I usualy charge $2 a foot, but I have a friend who does nothing but flooring & contracts alot of his work from the suppliers. Hes only getting $1.25 a foot. Just hearing that from him,  me off.

Even the local Lowe's charges $3.85 a foot ( I just wonder where they find people to pay those prices )


----------



## PrecisionFloors (Jan 24, 2006)

If the local Lowe's is getting $3.85, then thats what the market will bear....you don't think they picked that number out of thin air do ya? They are selling people on the fact that are a large company that knows what they are doing,(yeah right) and will be around should problems occur. You can market and sell yourself too...look at R&D's post above to get a few great ideas.

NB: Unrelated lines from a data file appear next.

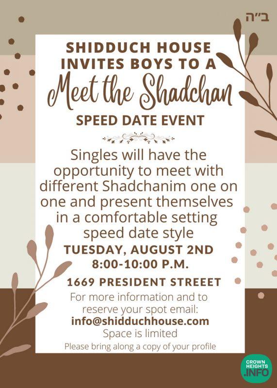 On Tuesday, August 2nd, our shadchanim will be meeting with boys and strongly encourage them to come. They will have the opportunity to meet with 6 different shadchanim one on one for 10 minutes each in a comfortable setting. These events have previously been fully booked with very positive feedback. To make a reservation to meet the shadchanim please email: info@shidduchhouse.com.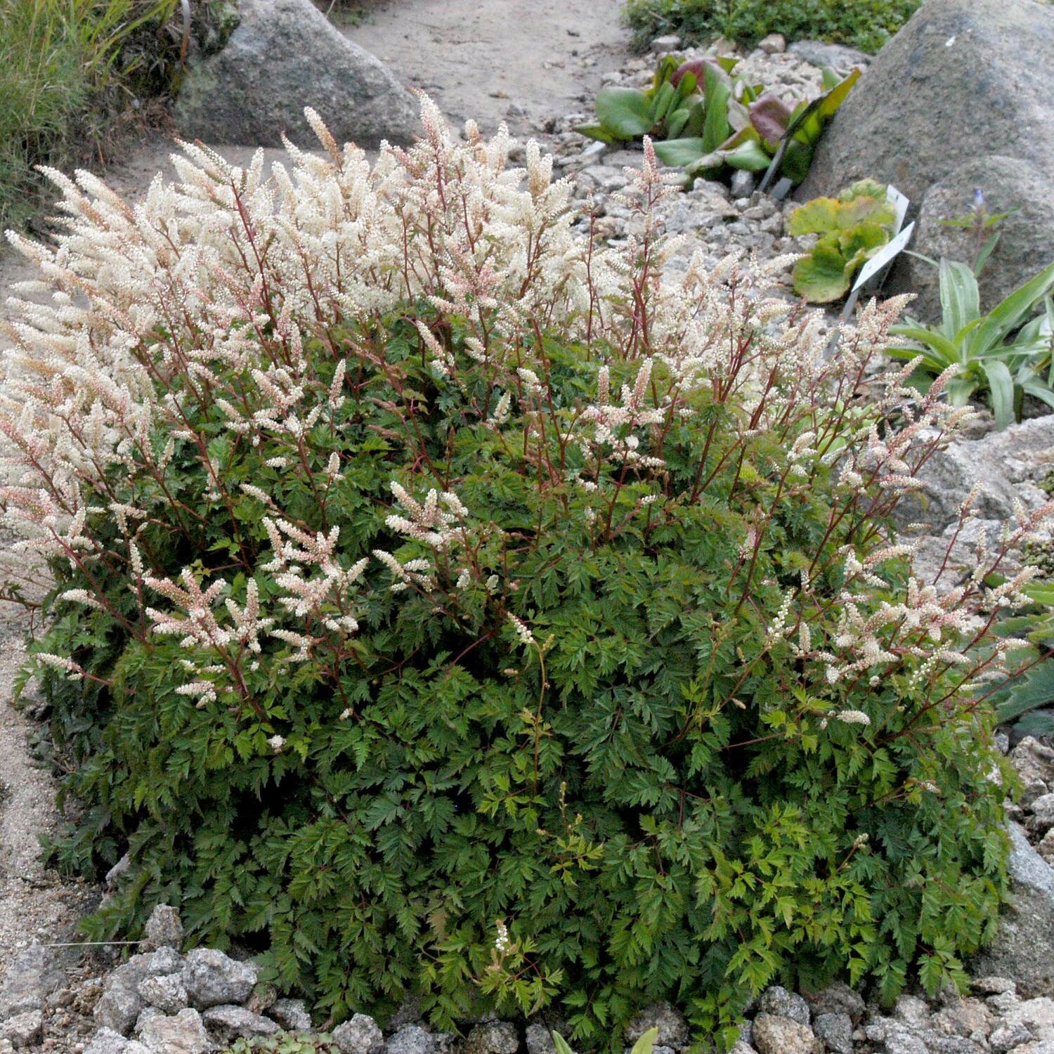 Волжанка низкорослая (Aruncus) размещается на полу- или полностью затененных участках. К составу почвы культура неприхотлива, но для большей декоративности она нуждается в достаточном уровне влажности. Сорт отличается компактными размерами. Высота прямостоячих стеблей желто-зеленого цвета достигает всего 30 см. Диаметр кустиков может доходить до 50 см. Цветет Волжанка низкорослая с июня месяца на протяжении 30 дней. Соцветия-метелки состоят из множества кремово-белых цветочков. Используют Волжанку низкорослую в бордюрах, миксбордерах, групповых посадках.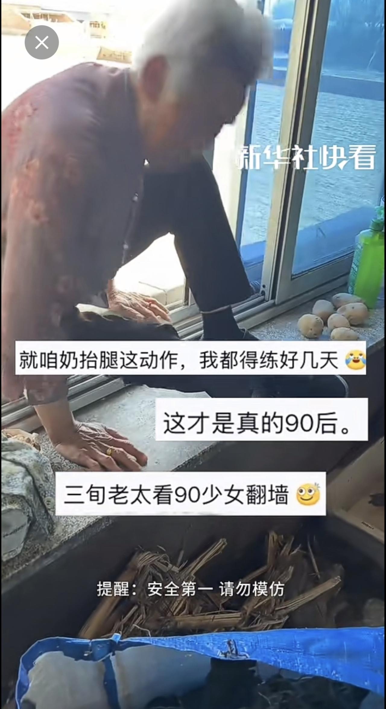 90岁奶奶回家不走寻常路,爬墙又翻窗,动作干脆利落。网友:这是90岁还是“90后”?(来源:🥕胡萝卜糊了 )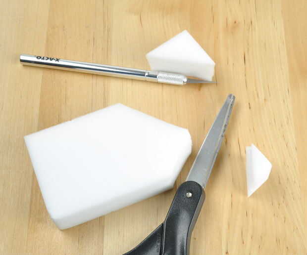 Prepárate tu esponja! Usando tijeras o un cuchillo del exacto, cortar una esquina de la esponja. No tiene que ser que grande, mina sea aproximadamente una pulgada de superficie plana a la punta. Me gusta el corte más limpio del cuchillo del exacto, pero unas tijeras funciona también. Si utilizas un cuchillo del exacto, asegúrese de usar una almohadilla de corte.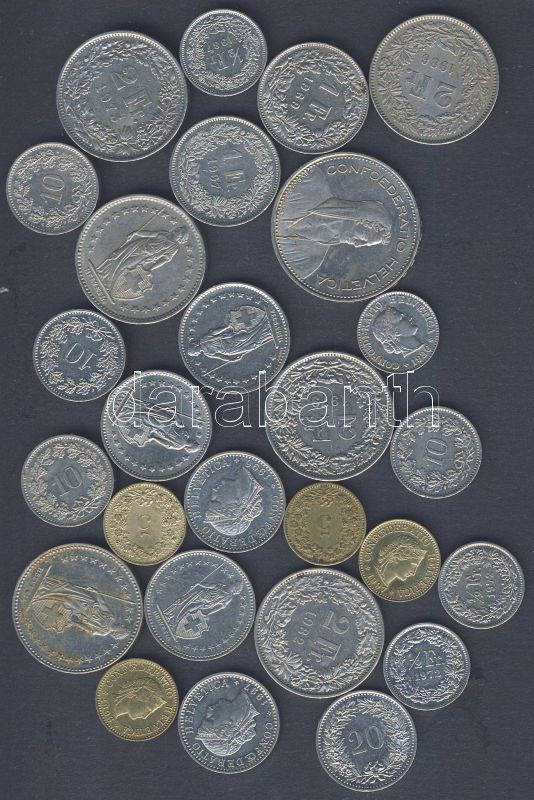Leírás: Svájc 1936-1997. 5R (5x), 10R (4x), 20R (3x), 1/2Fr (3x), 1Fr (5x), 2Fr (6x), 5Fr T:2/3+

I average $3.75sf on ALL products that I install....talk to the majority of the "floor guys" around here and they are still charging by the yard on sheet goods, are well under $2.00 a foot on laminates, and are around $2.50 on pre-finished hardwood ...The difference is I am running a business, they are installing floors.

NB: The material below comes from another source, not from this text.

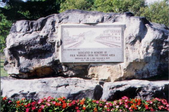 A recent addition at Tyrone Station Park is a memorial granite slab installed on a large boulder, memorializing the railroad workers of this community of Tyrone. During the steam era, when the original station stood, a brass plate Roll of Honor of Tyrone's veteran war dead graced this boulder, but was re-located to the Tyrone American Legion Post many years ago. The boulder was conspicuous with the rectangular space vacated by the veterans memorial, especially because of it's prominent position in the park setting of the Tyrone railroad station, even during the era post-Penn Central when the station structures were razed.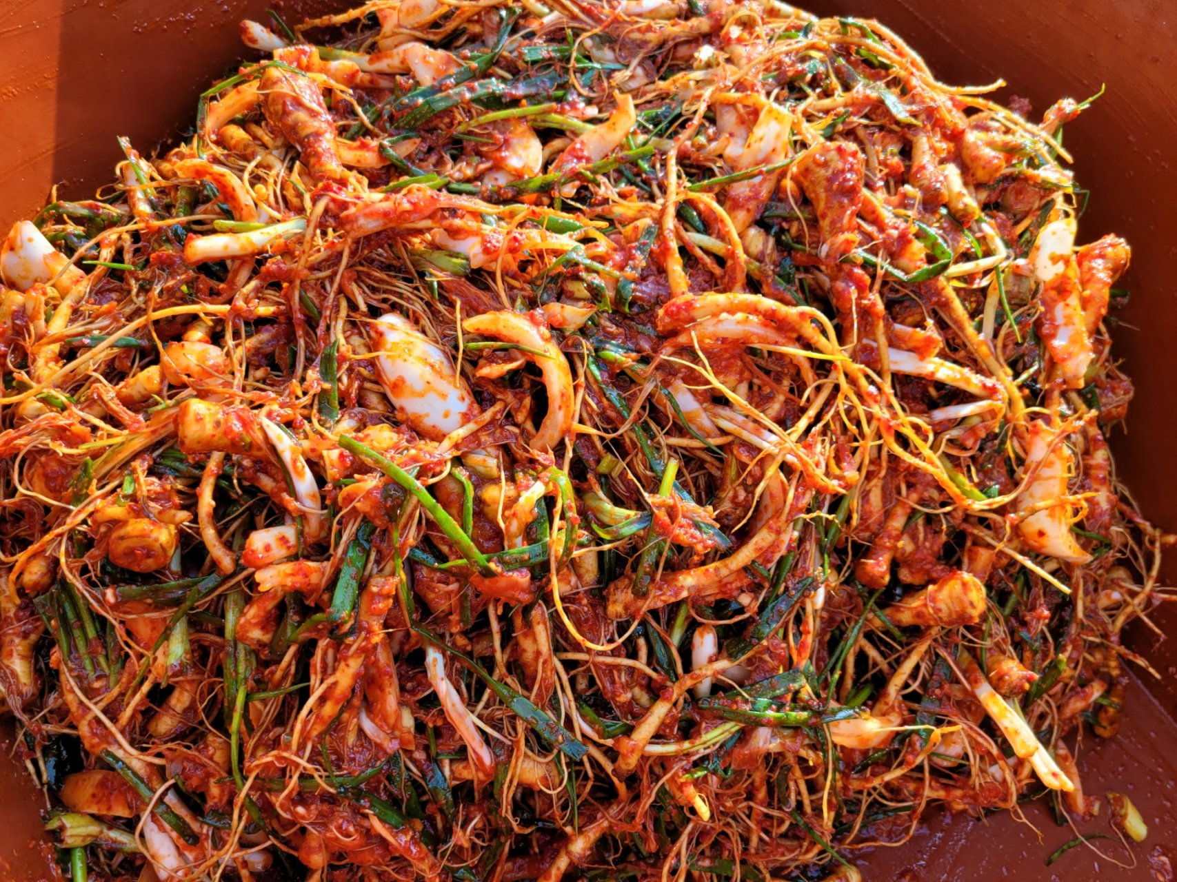 산고들빼기 김치를 만들었어요.jsj1215 (86)in #kr • 4 years ago 이파리가 떨어진 뿌리를 먹는 산고들빼기 김치를 담갔습니다. 쌉쌀한 고들빼기를 좋아해서 시골에서 주문해 만들었습다. 고들빼기는 떫고 쓴맛을 갖고 있어 나물이나 김치를 만들어 먹는데 쓴맛인 이눌린은 '천연 인슐린'이라 불리고 혈당 조절과 콜레스테롤 저하에 도움을 준다고 하네요. 쪽파도 듬뿍넣고 소금은 그다지 쓰지않고 젖갈로 간을 하였네요. 물엿을 넣어 단맛을 가미하여 쓴맛과 조화롭게 어울리네요. 산고들빼기 김치만으로 밥한그릇 뚝딱입니다.

Set yourself apart....if you price yourself according to what "everybody else is getting" then you are lumping yourself right in with them. The only thing your prospective customer has to make a decision by, is price. Just by charging more, I have had customers ask (it peaks their interest if they are quality driven) "Why do you feel like you are able to charge that much" Hell thats an invite for a close if I ever heard one. Thats your chance to show references, portfolios, manufacturers specs as to why you can't do it as cheap as the last guys estimate, etc., etc. Show that you know what you're doing, in other words. Thats also my opening to ask them if they take their Lexus, Jag, BMW, Volvo (or RV, Boat whatever you saw parked in the driveway) to the cheapest guy in town for service? 99.9% of the time they will say no....Why not?? That's a rhetorical question at that point. There are numerous ways to sell a higher price if you pay attention, and get out of the mentality that you have to be cheap to get business.


----------



## Mike Finley (Apr 28, 2004)

PrecisionFloors said:


> If the local Lowe's is getting $3.85, then thats what the market will bear....you don't think they picked that number out of thin air do ya? They are selling people on the fact that are a large company that knows what they are doing,(yeah right) and will be around should problems occur. You can market and sell yourself too...look at R&D's post above to get a few great ideas.
> .


Yes, exactly!

I always look at the prices that Lowes or HD set as the bottom price not the top. My perception is they are using bottom of the barrel talent, we are at the top. If people are willing to pay $3.85 for Lowes then if they should also be aware that top quality will cost them more.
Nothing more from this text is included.